Four for Friday, November 23

Happy (belated) Thanksgiving from Gaussian Blur!

  • Is virtual rape a crime?
    It was merely a matter of time before “virtual rape” (i.e., a rape in Second Life) became something that people had to deal with. But is a “rape” in a simulated environment truly a crime? This piece from Wired.com declares it a “shitty thing to do” but the author ultimately decides that it isn’t a crime. I find that I generally agree, given the horrific nature of actual real-life rape.
  • Newsweek: Review of the Amazon Kindle
    I’ve tried to remain fairly oblivious to the entire e-book phenomenon, but that ended today when my friend and I happened to see the Sony eBook in a New Jersey Borders store. We both thought that the display model was a non-functional fake–the text was just too good on the screen to be real–until he pressed a button and it suddenly changed. Truly, it was a stunning thing to behold, and in that instant I became a believer. So is the Amazon Kindle a groundbreaking piece of technology? Maybe, but probably not. It doesn’t, however, mean that it isn’t interesting… and I still want one. (Warning–annoying auto-playing video with sound on the linked page.)

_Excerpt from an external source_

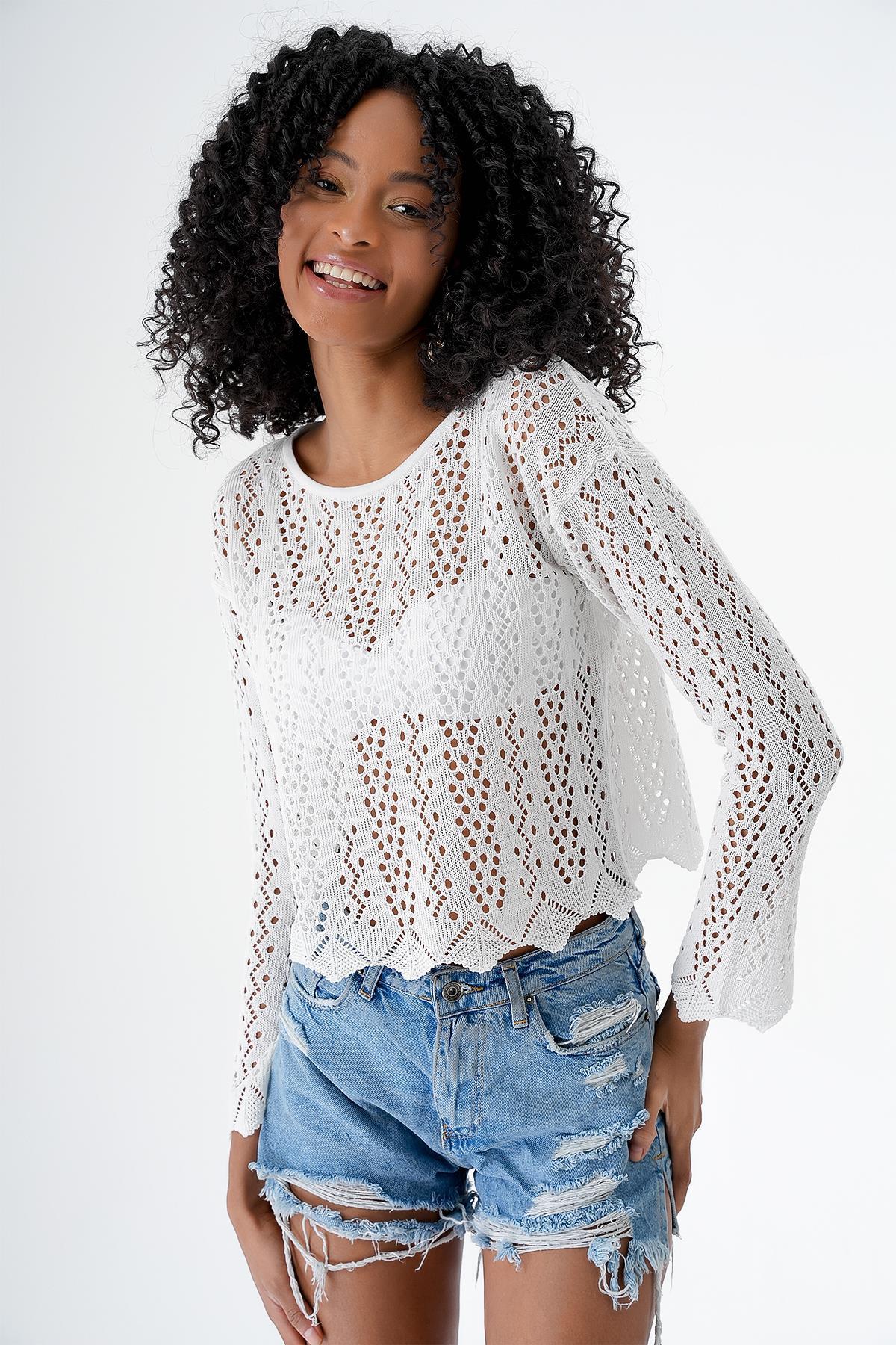 Chuba Kadın Bisiklet Yaka Ajurlu Triko Kazak Beyaz 24S160

  • The (non-)death of email
    Once again the naysayers are out in full force, saying that email is a dying medium merely because teenagers don’t use it all that much. I think it’s important to point out that teenagers also don’t use corporate intranets that much, nor do they use Blackberrys that much, but neither of those are close to dying. This is a piece from Slate that I find fairly ignorant; American teenagers do not make a representative sample of the Internet, they cannot be relied on as predictors of absorption, and they aren’t even the majority. A bit myopic but important to be aware of nonetheless.
  • Zeldman on web design
    What sets web design apart from other forms of design? Internet guru Jeffrey Zeldman likens web design to typography in this compelling piece from A List Apart.